In recent years, my own attempts at understanding have grown to encompass not just individual authors and particular books, but the post-dictatorship world of Latin America. I can’t help noticing that almost all the great writers, and almost all the great filmmakers, in Latin America today grew up under authoritarian regimes. They grew up, that is, amid deception and repression and torture, even if they themselves were spared the most direct experiences of these political vices. Many of their works grapple explicitly, if not always consistently, with this brutal legacy – it’s no coincidence, I think, that so many of them love detectives.

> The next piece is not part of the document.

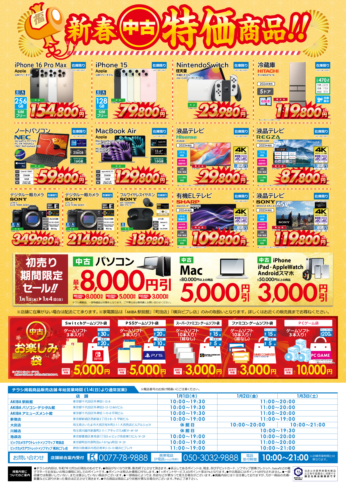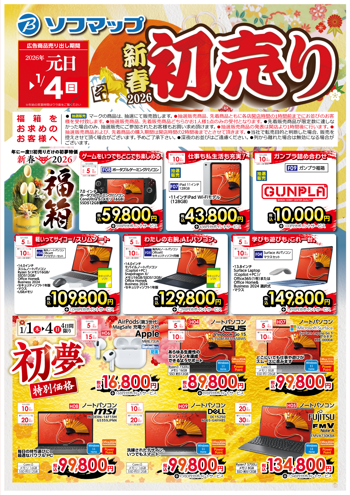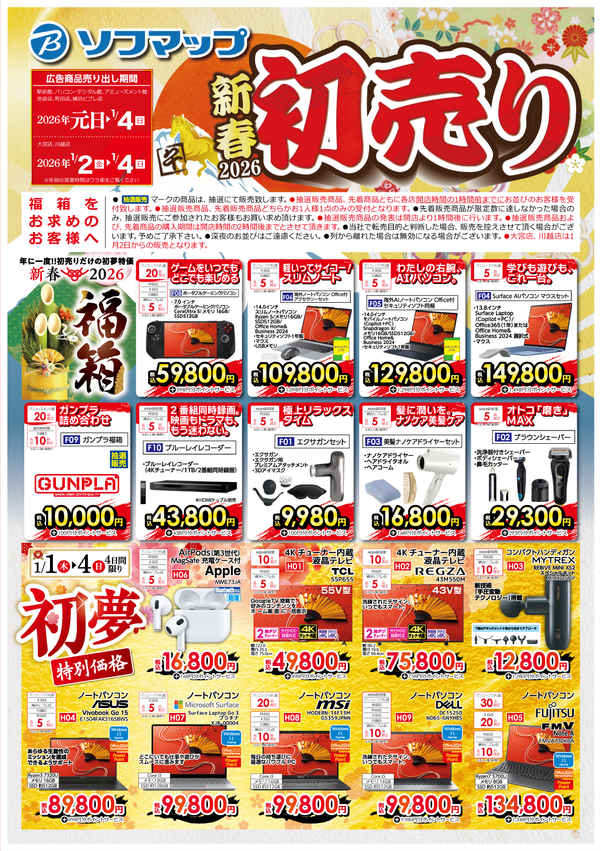 ソフマップの初売り開催中! パソコンから家電までお得なセールを開催中! 売り出し期間:1月1日(木) 〜 1月4日(日) 東日本 西日本 通販を見る 東日本 《セール商品・取り扱い店舗》 仙台駅前店【ゲーム】 AKIBA 駅前館【家電】 AKIBA パソコン・デジタル館【パソコン】 AKIBA アミューズメント館【ゲーム】 川越店【パソコン】 大宮店【パソコン】 町田店【パソコン・家電】 横浜ビブレ店【パソコン・家電】 PDFを見る PDFを見る 西日本 《セール商品・取り扱い店舗》 なんば店【パソコン】 ビックカメラアウトレット×ソフマップ なんば店【家電】 神戸ハーバーランド店【パソコン・家電】 PDFを見る PDFを見る

And why should the rest of the world care? I’d like to offer two reasons. First, because from these dirty wars have sprung another stretch of banquet years. Not since the 1970s have we seen such a profusion of exceptional works by Latin American novelists. Second, because repression and violence have not gone away; maybe they will never go away. And in these books lie clues about how people get through such dark eras to rebuild themselves and civil society again.